Sickling-suppressive effects of chrysin may be associated with sequestration of deoxy-haemoglobin, 2,3-bisphosphoglycerate mutase, alteration of redox homeostasis and functional chemistry of sickle erythrocytes

Abstract

Sickle cell disease (SCD) is a medical condition caused by mutation in a single nucleotide in the β-globin gene. It is a health problem for people in sub-Saharan Africa, the Middle East and India. Orthodox drugs developed so far for SCD focus largely on symptomatic respite of pain and crisis mitigation. We investigated the antisickling effects of chrysin via modulation of deoxy-haemoglobin, 2,3-bisphosphoglycerate mutase, redox homeostasis and alteration of functional chemistry in human sickle erythrocytes. In silico and in vitro methods were adopted for the studies. Chrysin was docked against deoxy-haemoglobin and 2,3-bisphosphoglycerate mutase, with binding energies (−24.064 and −18.171 kcal/mol) and inhibition constant ( K i) of 0.990 µM and 0.993 µM at their active sites through strong hydrophobic and hydrogen bond interactions. Sickling was induced with 2% metabisulphite at 3 h. Chrysin was able to prevent sickling maximally at 2.5 µg/mL and reversed the same at 12.5 µg/mL, by 66.5% and 69.6%, respectively. Treatment with chrysin significantly ( p < 0.05) re-established the integrity of erythrocytes membrane as evident from the observed percentage of haemolysis relative to induced erythrocytes. Chrysin also significantly ( p < 0.05) prevented and reversed lipid peroxidation. Similarly, glutathione and catalase levels were observed to significantly ( p < 0.05) increase with concomitant significant ( p < 0.05) decrease in superoxide dismutase activity relative to untreated.

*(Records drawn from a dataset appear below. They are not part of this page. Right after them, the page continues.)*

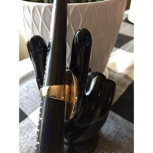 This fun cocktail ring features a large oval statement piece that resembles the crystal Lapis Lazuli and is secured in gold plated metal. Never turned my finger green and always received great compliments!
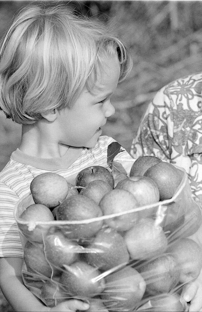 Mark Mitchell carried a big bag of apples picked by his classmates at Penny Lane Pre-School during a field trip to High Acres Orchard at Columbus Youth Camp in 1973.
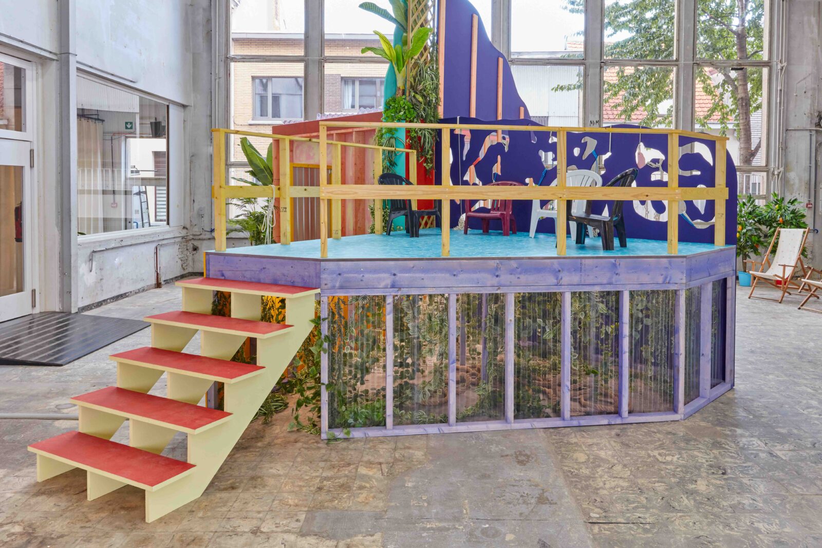 Det var netop sådan en rejse den venezuelanske kunstner Sol Calero tog os med på, da hendes farvestrålende caribiske univers blev foldet ud for fuld kraft i Copenhagen Contemporarys haller under titlen El barco de barro (The Clay Ship). Her skabte Calero et levende fællesskab med pavilloner, plastikstole og møbler i organiske former, som et billede på forestillingen om Latinamerika. Udstillingen er bygget op som et stort lerværksted, hvor spørgsmål om identitet, indvandring og kulturmøder kunne udforskes, alt imens publikum kunne bevæge sig frit rundt i installationen. I arbejdet med leret inviterede Sol Calero gæsterne til at tage del i skabelsen af udstillingen og til at give deres egen fortælling videre. Udstillingen udviklede sig gradvist, og i løbet af udstillingsperioden blev de besøgendes kreationer sat op overalt i udstillingen og fyldte reoler, trapper, hylder borde og andre flader overalt i El barco de barro (The Clay Ship).
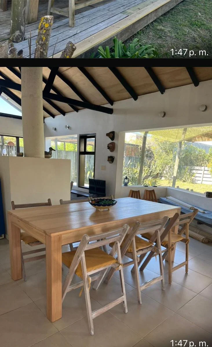 Casa con excelente ubicación, a una cuadra de la playa Brava. Posee tres dormitorios, uno en suite en la planta alta, con vista al mar. En la planta baja hay dos dormitorios que comparten un baño. Living comedor, cocina y dependencia de servicio. Un amplio deck rodea la parte de la casa que da al jardín, donde se encuentra el parrillero. This three-bedroom, two-bath home enjoys an excellent location. The views extend all the way to the beautiful Brava beach. The interior offers a living and dining room area, a kitchen, and maid´s quarters. A large deck adjoins the garden, surrounds the residence. Among the property´s additional amenities are a two-car garage and a barbecue area.
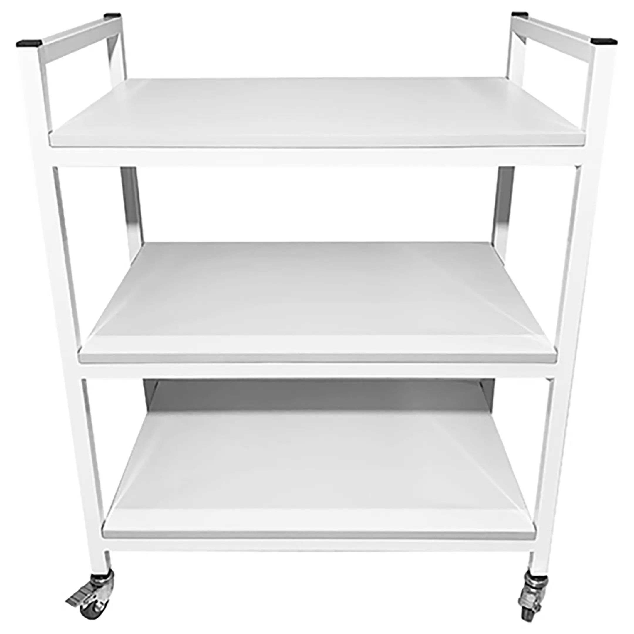 Стол лабораторный мобильный СЛм 17.005 (белый) — это функциональное и практичное оборудование, идеально подходящее для использования в медицинских учреждениях и лабораториях. Модель предназначена для временного размещения и удобного перемещения различных инструментов, предметов и приборов. Оснащена тремя полками из ЛДСП и установлена на колесные опоры. Каркас выполнен из стального профиля.
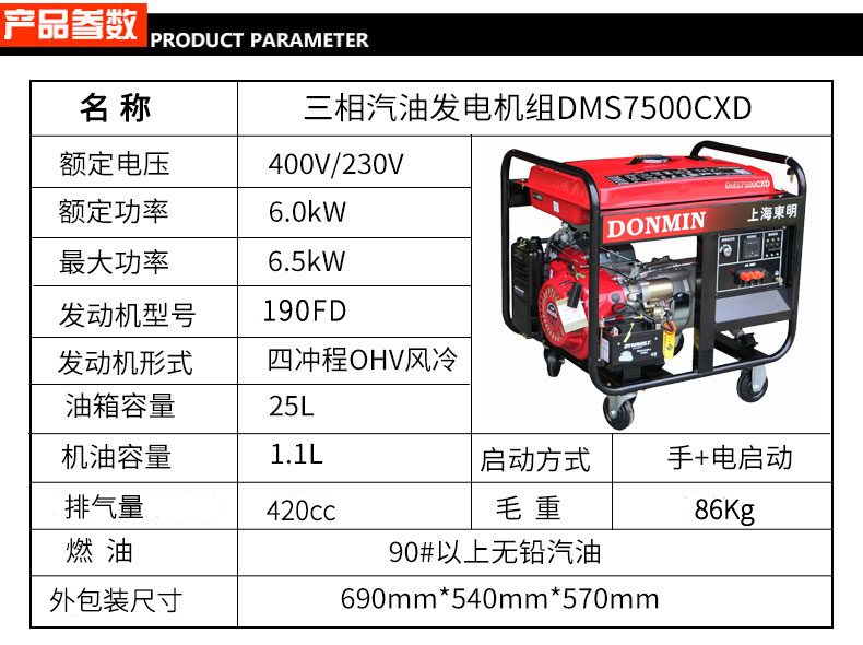 三相6kW汽油發(fā)電機(jī) DMS7500CXD電動(dòng)
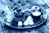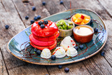 Pink pancakes with honey, chocolate, jam, whipped cream, berries and fruits on plate. Traditional Russian cuisine at the Pancake week or Shrovetide. Healthy breakfast
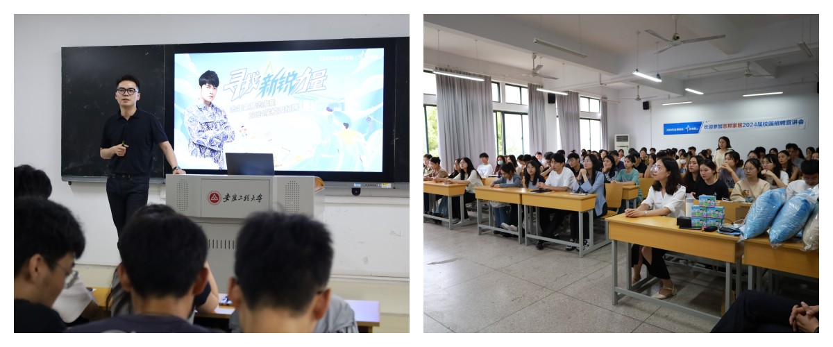 周阳作为学院2007级工业设计专业毕业的优秀校友,亲自担任宣讲嘉宾。身兼双重身份的他,对母校的精心培养和教育表达了感激,全方位地介绍了公司发展历程、主要业务分布、人才培养机制、校园招聘计划、个人学习成长经历等相关情况,向同学们表达了公司对人才的需求,诚邀更多优秀的安工程学子成为“志邦人”,共筑“志邦梦”,并现场与毕业生进行了答疑交流。宣讲结束后,50余名同学投递简历,并在现场与企业负责人一对一面试。
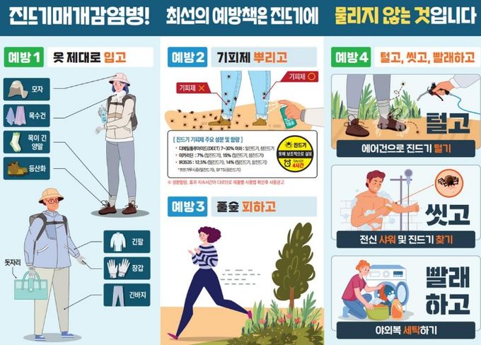 또한 SFTS 예방을 위해서는 △작업복(긴팔·긴바지, 모자, 토시, 장갑, 양말, 목수건, 장화) 착용 △풀밭 위에 앉거나 옷 벗어 놓지 않기 △기피제 뿌리기 △귀가 후 즉시 샤워하기 △작업 또는 귀가 후 일반 옷과 분리 세탁하기를 준수하는 것이 중요하다.
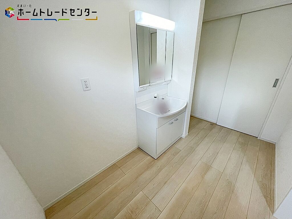 サニタリースペースには窓が備えられております。毎朝の身支度も、陽の光差し込む明るい空間で、快適にお使い頂けそうです。女性にはうれしい3面鏡化粧台。鏡の裏が収納になっている機能的なタイプです。

From Fourier-transform infrared results, treatment with chrysin was able to favourably alter the functional chemistry, judging from the shifts and functional groups observed. Sickling-suppressive effects of chrysin may therefore be associated with sequestration of deoxy-haemoglobin, 2,3-bisphosphoglycerate mutase, alteration of redox homeostasis and functional chemistry of sickle erythrocytes.